He had experience but not knowledge. He gained the latter after testing his ears and only his ears in evaluating amplifiers, i.e. ABX test.

I could counter your anecdotal stories with hundreds of listening tests I have been part of to determine what I hear is right or not right. I can tell you that in vast majority of sighted tests, my evaluations have been wrong. This, despite being aware of what causes that kind of bias. Our entire being and listening ability hinges on us making up what is not there. A violin sounds like a violin even in a clock radio. As a species, we are an optimistic one, more akin to believing than not. This is why even knowledge of bias is not enough to keep us from making mistaken judgements. We routinely, easily and with no effort hear improvements that are not there. It is just who we are.
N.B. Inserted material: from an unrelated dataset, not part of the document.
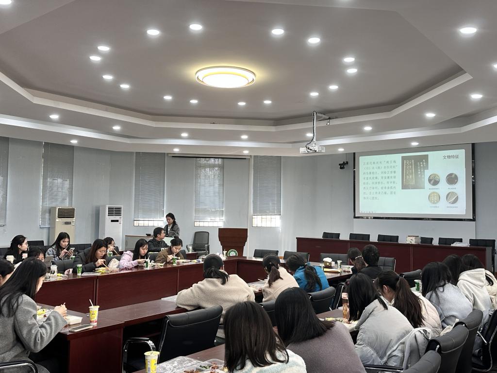 本次学习交流会以午餐会形式展开,围绕湖北省博物馆特色馆藏文物,例如越王勾践剑、虎座鸟架鼓、彩绘人物车马出行图等,由2024级民族学研究生刘星、罗小倩,2024级中国少数民族史研究生向筱毓、2022级民族学本科生吴雨阳、高月月和余影作为党员代表分别报告发言,介绍文物的前世今生,分享学习心得。民族学专业教师党支部王艳萍、马惠娟、刘丽娜、范英杰四位老师予以点评指导。其中范英杰老师就向筱毓同志分享的越王勾践剑内容特别强调,要结合民族学专业特色,透过文物本身的基础信息,辩证思考其背后所蕴藏的民族历史与文化内涵。

I hope deep down inside you have healthy doubt as to merits of what you are speaking of here. :)
 

WELquest

Industry Expert
Jan 30, 2016
46
8
138
Bill for some time scientist doubted the existence of the curve ball saying it was an optical illusion. The advance in slow motion photography made this claim more and more difficult to sustain. Even worse technology emerged that allows one to actually track the path of the ball.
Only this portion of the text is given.